The undying left him as suddenly as it had come, taking the blood that had stained the ground with them. The nameless things that dwelled between reality and madness had accepted the sacrifice. The world blurred with the forest’s shift, realigning with reality as the wards opened the way for Cesare.
The clearing was surrounded by elder oak trees, knotted and gnarled with age, hoary with time and the glory of survival won a day at a time. Flavored with the coming of fall, they were blessed with leaves of gold and orange, flickers of flame marking their dying lives. Vines wound up the oak trees, small white flowers blooming along their stems. Delicate violet flowers sprouted in open defiance of the cold across the plush green grass of the meadow. It was more fey than real, Elizabeth's deft touch in every flower and vine, her art turning the clearing into a living work of art.
Two white stones held court in the middle of the clearing, worn smooth with age, they were discolored by an unforgiving world. One stone made the base, the other the tabletop. The altar was old, the kind of old that made flesh a dream. It had seen thousands of desert summers, endured the deadliest of winters, lived through the horrors of genocide and drank the blood of sacrifice. It possessed the simple, exquisite grace of a snow-capped mountain.
Alexandra sat in front of the alter with her back to the trail. Dressed in a princess outfit, all pink frills and sparkles, she stood out against the searing green of the grass. It was the kind of dress little girls dressed up in, only sized for an adult. “Cesare,” she said, coldly distant.

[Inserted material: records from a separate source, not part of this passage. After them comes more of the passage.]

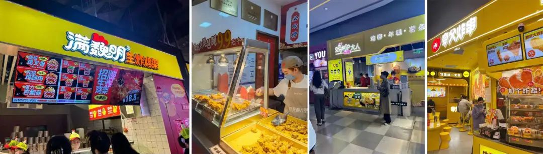 2024年開(kāi)年,夸父炸串官宣,近5億元B輪融資,一個(gè)街頭小吃成長(zhǎng)為2000多家店的連鎖品牌,門店遍布各大商場(chǎng);新晉的“商場(chǎng)網(wǎng)紅頂流”滿巍明生炸雞架,目前全國(guó)已經(jīng)開(kāi)出約430家店;蜜雪冰城跨界賣炸串,登上微博熱搜……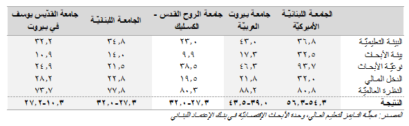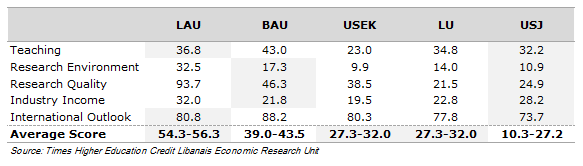 Locally, Times Higher Education ranked five Lebanese universities in the THE list led by the Lebanese American University (overall score: 54.3-56.3; international rank: 251-300), followed by the Beirut Arab University with a score of (39.0-43.5) and an international rank of (601-800), each of the Holy Spirit University of Kaslik and the Lebanese University with a score of (27.3-32.0) and an international rank of (1,201-1,500) and Université Saint-Joseph de Beyrouth (score: 10.3-27.2; international rank: 1,501+). It is worth noting that the American University of Beirut was excluded from the local rankings based a decision by the university to withdraw from the rankings over credibility concerns as per a statement dated September 11 published on the university’s website. The Lebanese American University fared best in three criterions namely research environment (score: 32.5), research quality (score: 93.7), and industry income (score: 32.0), while the Beirut Arab University topped the teaching criterion (score: 43.0) and international outlook criterion (score: 88.2).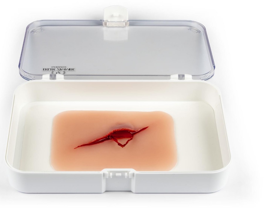 Imitace poranění - muláž zobrazuje řeznou ránu způsobenou střepem skla, které je stále v ráně. Skleněný střep vypadá realisticky, ale je vyroben z měkkého materiálu, takže nehrozí riziko poranění. Imitace rány je samolepicí, lze ji nalepit na figurínu i na lidskou kůži. Ránu lze také aplikovat pomocí lepidla na kůži, ale pak muláž ztratí své samolepicí vlastnosti. Baleno v plastovém boxu.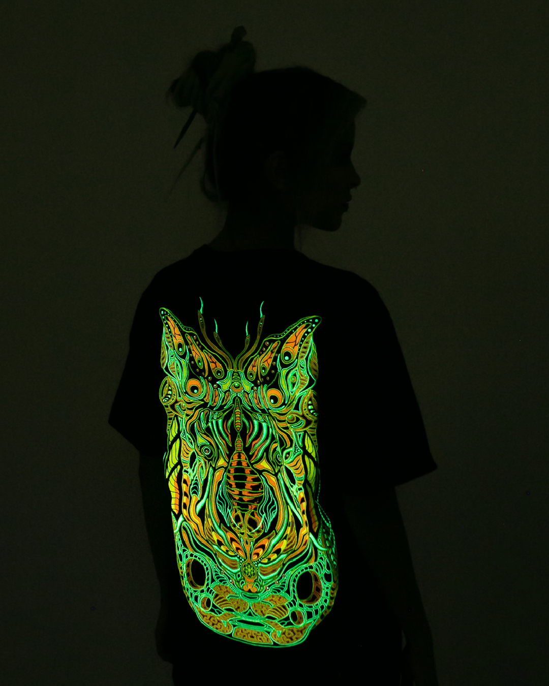 Estampada cirurgicamente, a arte reage a diversos tipos de iluminação, como UV, RGB e até ao Escuro!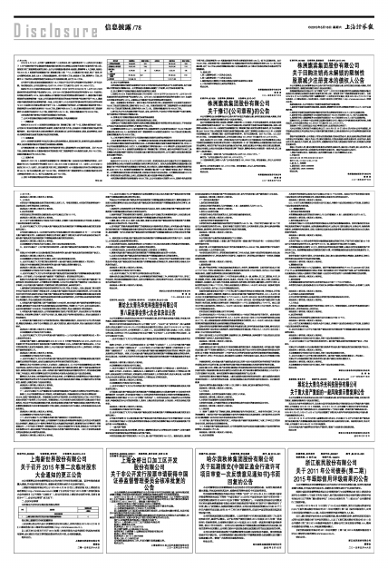 股票代码:600891 股票简称:秋林集团 编号:临2015-021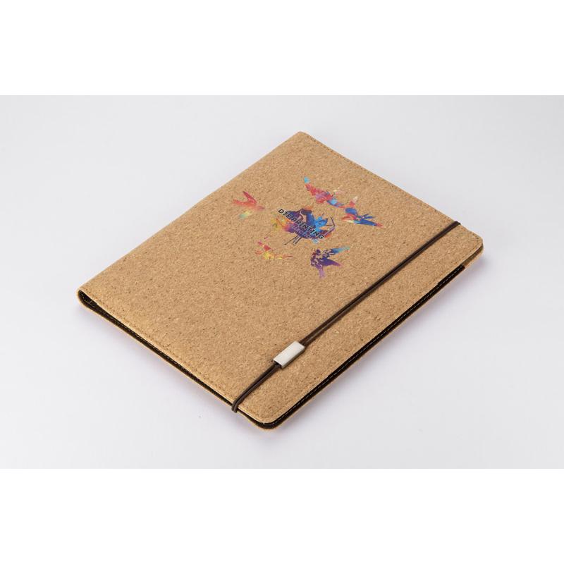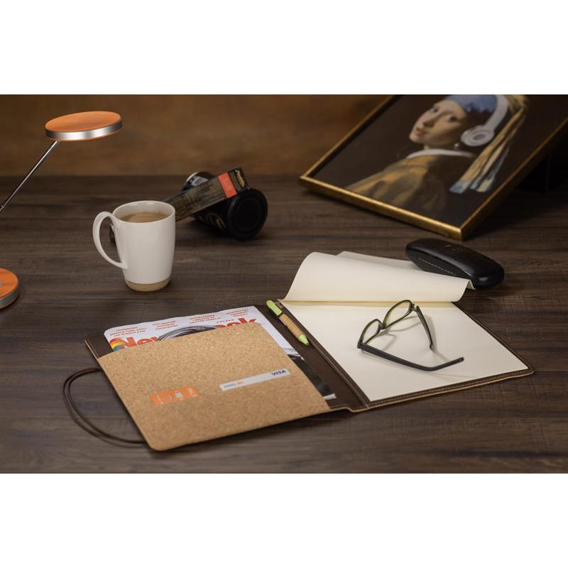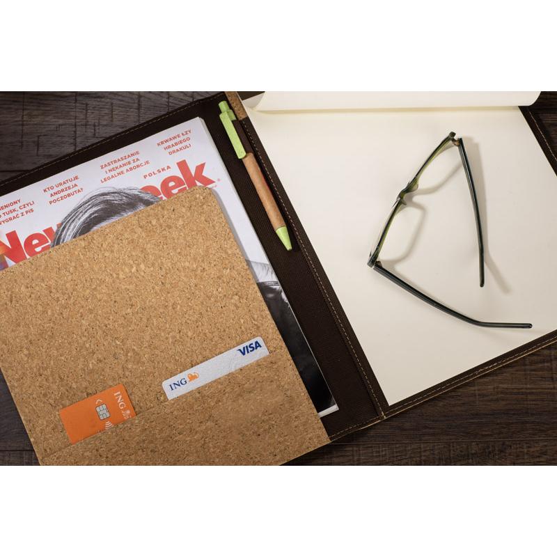 Korkowa teczka A4 z notatnikiem. Zawiera dużą kieszeń do przechowywania dokumentów, dwie mniejsze kieszonki oraz miejsce na długopis. Zamykana za pomocą gumki z metalowym elementem. Zapakowana w woreczek non woven.

He stopped to take in the lay of the land before he committed. “How’d you know it was me?” Alexandra hadn’t stirred from staring at the altar.
She let out a burst of bitter laughter. “No one else would’ve come.”

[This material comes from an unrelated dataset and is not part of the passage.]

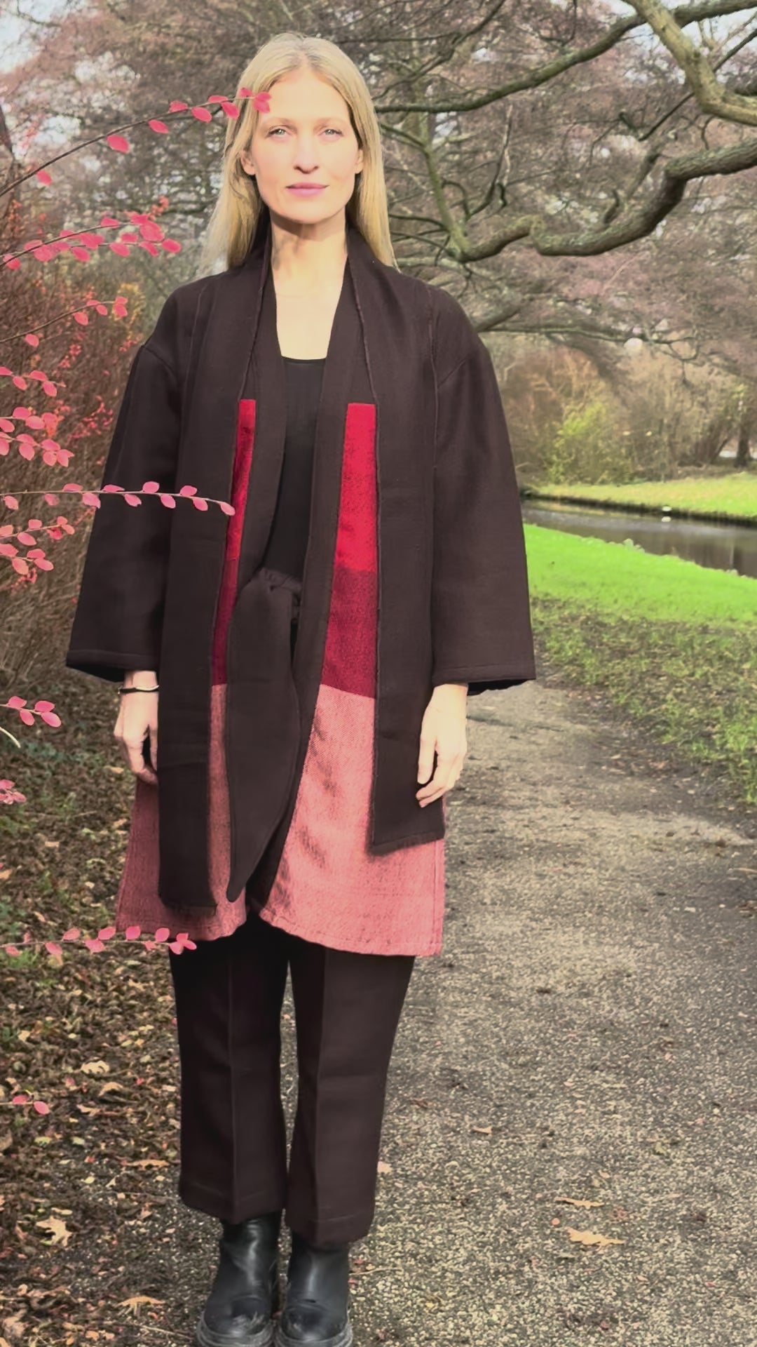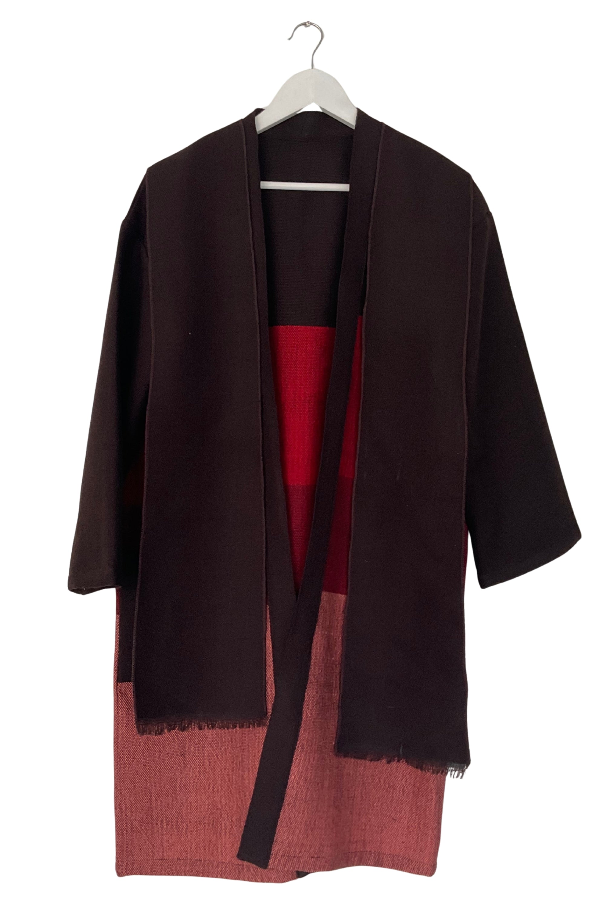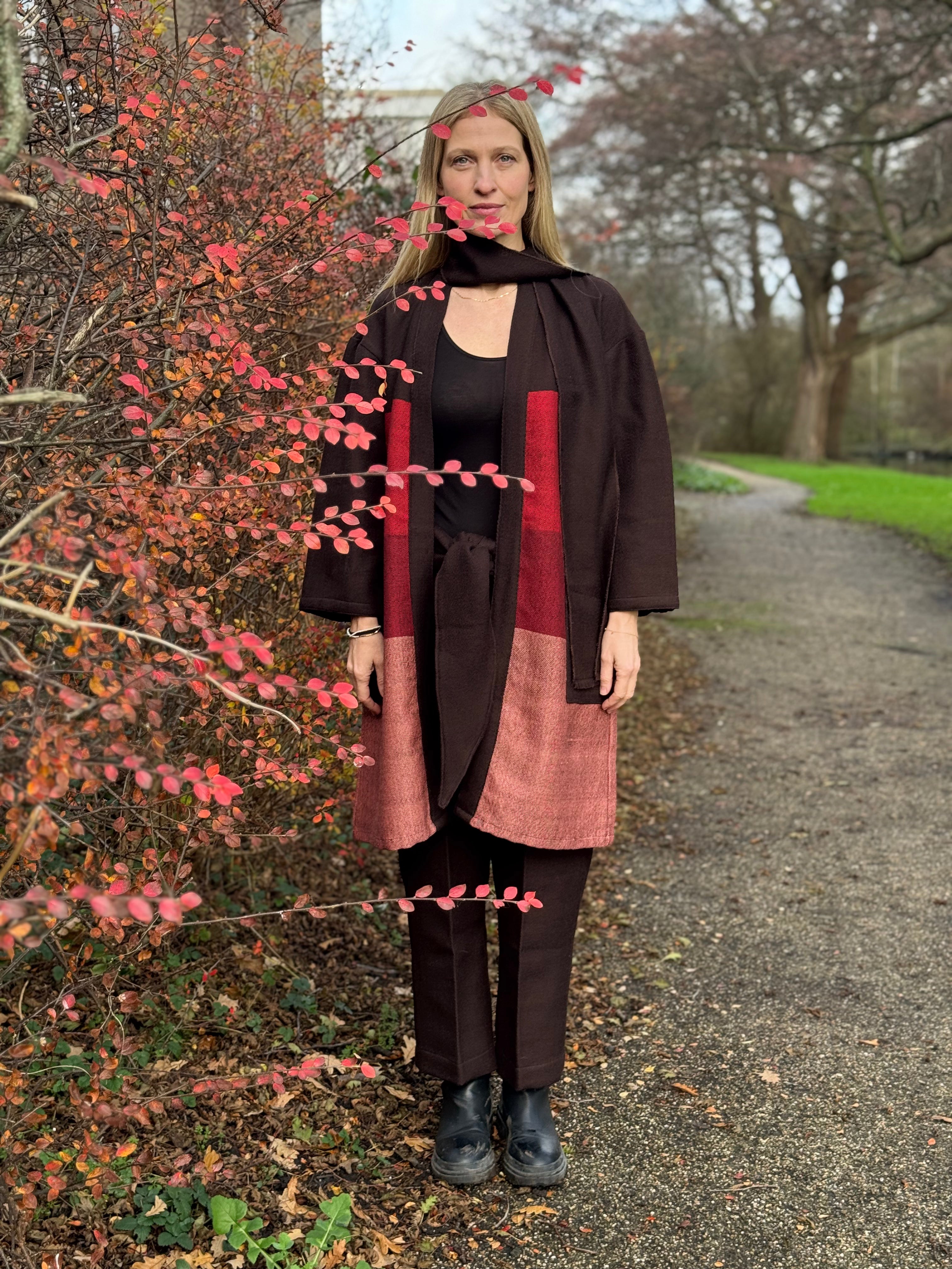 Our Highland Trail open-front jacket is accompanied by a matching muffler, offering warmth without weight. The fluid silhouette and handwoven texture create an effortless elegance, while the muffler adds a refined, versatile finishing layer. Pair it with our Highland Trail Wool Wrap pants.

Taking a seat beside her, he fished out one of the sandwiches he’d made back at the Serpens Lacum. “Hungry? It's just peanut butter and jelly but you weren't there for breakfast.” She accepted the sandwich listlessly while Cesare set a bottle of water down between them.
“How did you get this?” Alexandra asked.
The lie was on the tip of his tongue, but Cesare settled for the truth. “Too many days without food. I keep a stash in my rooms, just in case I have to run.”
When she finished the sandwich, he handed her another while making his way through his own. She was quiet, eyes never wavering from the alter. He wasn’t sure if she’d want to talk, but he didn’t care either. He wasn’t here to find out who’d hurt her or how, he was here, so she knew someone cared.
“We were going to dress up as princesses. We wouldn't be doing the slutty costume thing or the gross out factor, just something to have fun with.” She was talking as she ate, both of them watching the lone flame that danced from a solitary votive on the alter. “I thought the worst was over. The others had broken under the pressure and insults. But the ones who’d stayed … that meant they were real friends, right?” She laughed quietly. “No, it only meant they were waiting for the time when they could hurt me the most.”
“They were all there, even the ones who’d stopped hanging out with me weeks ago. All dressed ...” Hesitantly, his arm settled across her shoulders. She hunched over, pressing into his side. For all her power, she was still a teenager who didn't fit.
With whispers, she continued, “Everything I shared with them, they used to hurt me. Every secret I told them, they used to …” She snuffled and cried quietly as he tightened his arm, as if by holding her tight he could somehow take the pain as his own.
“They left just like you said they would.” Her voice lowered, anger turning steel bright in the words. “I hate you a little for being right.”
“Better to hate me than yourself.”
Her body stilled against his. “Is that why you did it? So that I’d hate you for being right instead of wondering what I did wrong?” He knew they’d desert her, knew it because it happened to him over and over until the truth was seared into his bones. You didn’t hate them for leaving, you hated yourself for not being enough to keep them. Who would wish that on anyone? No, much better to provide a safe and expendable outlet.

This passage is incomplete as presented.